In our investigation, we also looked for early biomarkers that could be predictive of COVID-19-related AKI. We observed that IL-6 and SAA levels were significantly increased in COVID-19 patients and CKD patients without COVID-19 when compared with healthy volunteers. In COVID-19 patients, those who had AKI had a significantly higher IL-6 levels compared with those who did not have AKI (20.4 vs. 5.53 pg/mL), whereas we had the same trend for SAA (300.0 vs. 77.40 µg/L). Wang et al. demonstrated that IL-6 level had significant positive correlations with serum creatinine and blood urea nitrogen [25]. In patients with COVID-19, serum IL-6 levels were elevated in those with AKI [26]. Serum IL-6 levels may also predict clinical outcomes of AKI, as they are significantly reduced in those in whom AKI was removed after effective treatment [27]. Finally, IL-6 levels of >35 pg/ml may indicate a risk of respiratory fail-ure [28] in the context of COVID-19 infection. Here, we confirm this result, i.e., of the 27 patients with COVID-19 who had IL-6 results >25 pg/mL on admission, 19 (70.4%) of them later required mechanical ventilation For SAA, there are no data to date that can be used as a predictor of AKI - there is an analysis in relation to procalcitonin levels and acute forms of amyloidosis [35], both of which had AKI as a complication.

4. While the study acknowledges its single-center nature, it does not extensively discuss the potential biases that may arise from this setup. A more detailed examination of how the study's design might influence the results would strengthen its conclusions.

Thank you for the suggestion. It is updated in the discussion section.

Acknowledging the limitations of a study, such as its single-center nature and the relatively small sample size of 120 COVID-19 patients, is an essential aspect of scientific research.

Our study has some limitations: we only had 120 COVID-19 patients; however, they were very well phenotyped. In addition, the biomarkers were only assessed at admission in the ED, but not subsequently; this would have been of interested in order to study their kinetics. Also, it is single centered which can affect the results, because the researchers were aware of the study conditions, their expectations or beliefs could inadvertently influence the results.

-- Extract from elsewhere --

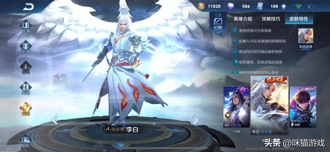 至尊宝大战凤求凰相信大家都知道,凤求凰这款皮肤一直是李白玩家的最爱。只要有这款皮肤返场机会,它的呼声都不小,再加上李白没有新皮肤上线,这款皮肤对玩家也更有吸引力!周年投票活动有机会的话,返场几率很大!

5. The paper could more explicitly outline potential directions for future research, especially in terms of larger-scale studies or different patient demographics, to validate and expand upon the findings presented.

Thank you for the suggestion. It is updated in the discussion section.

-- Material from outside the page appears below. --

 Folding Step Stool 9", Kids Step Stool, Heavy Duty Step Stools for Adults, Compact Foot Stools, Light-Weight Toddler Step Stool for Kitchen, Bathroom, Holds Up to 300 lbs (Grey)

In the near future we need larger-scale, multicenter studies to validate and extend the current findings. There should be collaboration between multiple healthcare centers to ensure diverse patient populations, various demographic, and clinical characteristics. It is very important to explore how IL-6 and SAA may vary in different groups with different management strategies. The different strategies of treatment can have another investigation on the association between SAA, IL-6, and treatment response. Obtaining reliable results may lead to the standardization of measurement and reporting of SAA and IL-6 levels in patients with COVID-19 and CKD.

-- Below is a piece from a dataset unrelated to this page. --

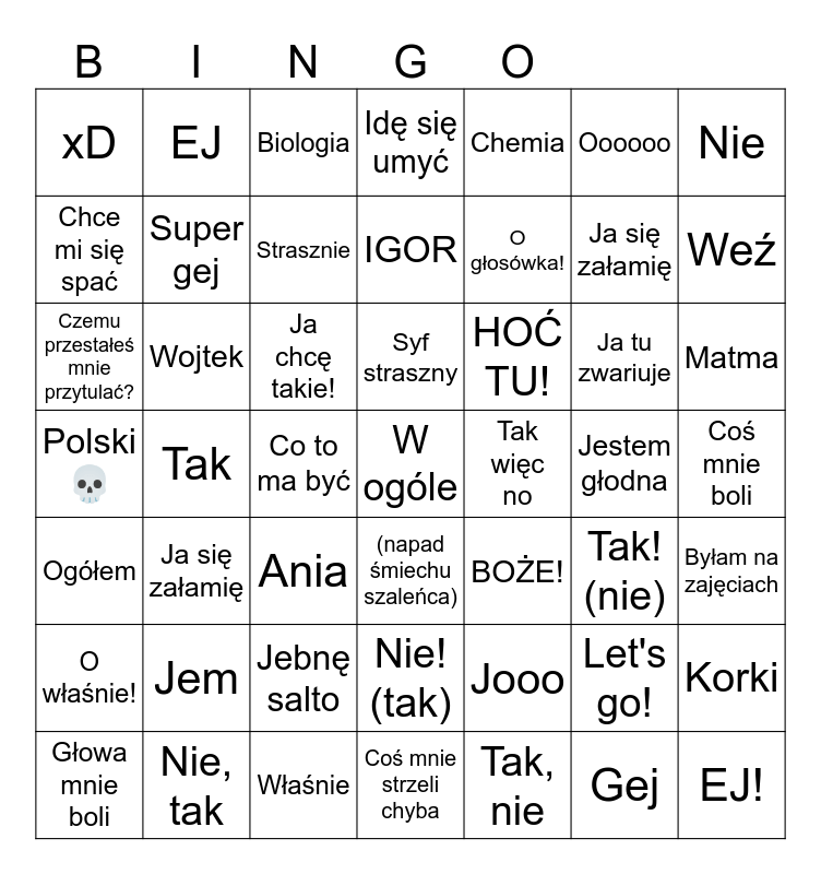 This bingo card has a free space and 48 words: Ogółem, Tak, Właśnie, (napad śmiechu szaleńca), O głosówka!, Jestem głodna, Nie, Głowa mnie boli, Wojtek, Co to ma być, Idę się umyć, Chemia, Ja tu zwariuje, Matma, Polski 💀, Jem, Biologia, Syf straszny, Jooo, Oooooo, Weź, Chce mi się spać, EJ, Strasznie, Tak, nie, Ja się załamię, Coś mnie boli, O właśnie!, Ja się załamię, Ja chcę takie!, Nie! (tak), HOĆ TU!, Let's go!, Korki, xD, Nie, tak, Ania, Coś mnie strzeli chyba, Tak więc no, Gej, Byłam na zajęciach, Czemu przestałeś mnie przytulać?, Super gej, Jebnę salto, IGOR, BOŻE!, Tak! (nie) and EJ!.

6. Line 33 - maybe it is better to change the website to citation of the website?

Thank you for the suggestion. It is updated in the paper.

Correction:

Since the outburst of COVID-19 pandemic almost 7 million people have died up until this moment (https://covid19.who.int/?mapFilter=deaths  (accessed on 13.12.2023). From a medical point of view, the situation in Bulgaria throughout the pandemic was not too much different from the situation in the most of the world, but according to official data, the percentage of people vaccinated in Bulgaria is one of the poorest in Europe. At precisely that time, the death rate was one of the highest in Eu-rope [1].

Overall, while the study offers valuable insights into IL-6 and SAA as predictors in COVID-19 patients with CKD, addressing these drawbacks could enhance its robustness and applicability.